One of the things that I have always done is learn how to say “Thank you!” in the language of my destination and/or with the people of other cultures in my frequent conversation(s) – and together with a smile, it is a courteous and easy way to connect with people.

Miigwech/Mikwec – Anishinaabemowin also known as Ojibwa + Cree

Merci ! – French

Maarsii – Michif

Grazie! – Italian

Danke! – German

Another easy way to connect with people is through culinary celebrations – food.

Food connects. It preserves a country’s culture. It also draws communities together in and around our multicultural globe.

Street food or what I call “street eats” vary with time and place. Food is a connection to when we go, where we go, and who we are with.

These are the joys of travel. These are the joys of living in a community of so many cultures. We discover. We uncover. We connect.

Then there are the talented chefs who can take a street eat and present it in a more sophisticated way which enhances a country’s real flavours. Pakora, a vegetable fritter and typical Indian street food, is a good example of how Caraway Grill at 1625 Broad Street turns a street eat into a delicious beginning of fine dining.

Upon my return to Regina a few years ago, I was pleasantly surprised to discover that bannock had gone from my childhood summer campfire experience to a daily street eat.

Things change. Things get around.



The first time I saw a “cadozzoni” truck or the hot dog truck in Cagliari, Sardinia (Italy), it felt so wrong. It felt so out of place, but not only was The Cadozzoni Truck a taste of home for me, it was a fun place to gather along the beach road of Poetto, and it gave my children and me some very good summer memories.

The name hot dog most likely began as a joke about the Germans’ small, long, thin dogs (the dachshund) which were associated with the Vienna sausage. In fact, even Germans called the frankfurter a “little-dog” or “dachshund” sausage, thus linking the word “dog” to the popular concoction. However the people of Vienna, Austria (Wien, in German) say they are the true originators of the “wienerwurst”.

And while the history of hot dogs and their popularity in street eats is quite convoluted, the Frank Cart and its history in Regina Downtown is quite clear.

The Queen City Footlongs, The Frank Cart, has been in Regina since 1992 with the original owner Stan Frank – a coincidence with Frank as a surname and another name for hot dog: the frankfurter.

Otto Gajari took over the established business in 1996 and has been playing the only radio station the waves will pick up where he has been parking his cart for over a quarter century – on Scarth Street & 12th Avenue.

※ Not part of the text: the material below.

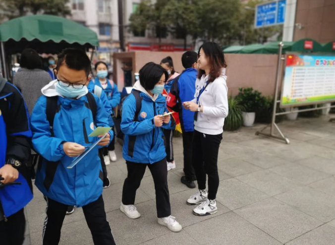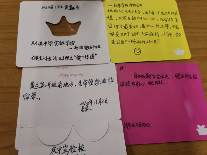 同学们在小小卡片上写上对陌生人的祝福,政治组的老师们作为传递者,把这份祝福在周二的早上传递给来上学上班的同学和老师们,你今天是否也收到了这张卡片?

I ordered a hot dog from Otto and then asked him a few questions about his business. This is what he had to say:

Where are you located?

Scarth and 12th.

What are your hours of business?

10:00 am to 2:00 pm everyday except Sundays. I don’t work Sundays.

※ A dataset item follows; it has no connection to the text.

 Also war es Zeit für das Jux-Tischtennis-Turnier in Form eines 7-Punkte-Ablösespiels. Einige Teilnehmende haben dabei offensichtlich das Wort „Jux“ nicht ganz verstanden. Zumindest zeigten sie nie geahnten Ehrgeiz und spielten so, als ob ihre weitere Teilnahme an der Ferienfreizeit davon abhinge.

What is special about your street eat – the hot dog?

All ingredients are locally made. I really make sure that everything is fresh – fresh and local.

What are your best sellers?

Grayson Sausage, Bratwurst, Italian sausage, Bison, but my favourite is the  jalapeño cheddar!

What sizes can people expect?

Regular size or foot long on fresh buns: white or whole wheat.

What sauces and condiments do you have?

We have a great variety from BBQ and other sauces: from mild to spicy. Ketchup is the one that goes the fastest! But we also have mustard, onions, sauerkraut, pickles, relish, banana peppers, and hickory sticks.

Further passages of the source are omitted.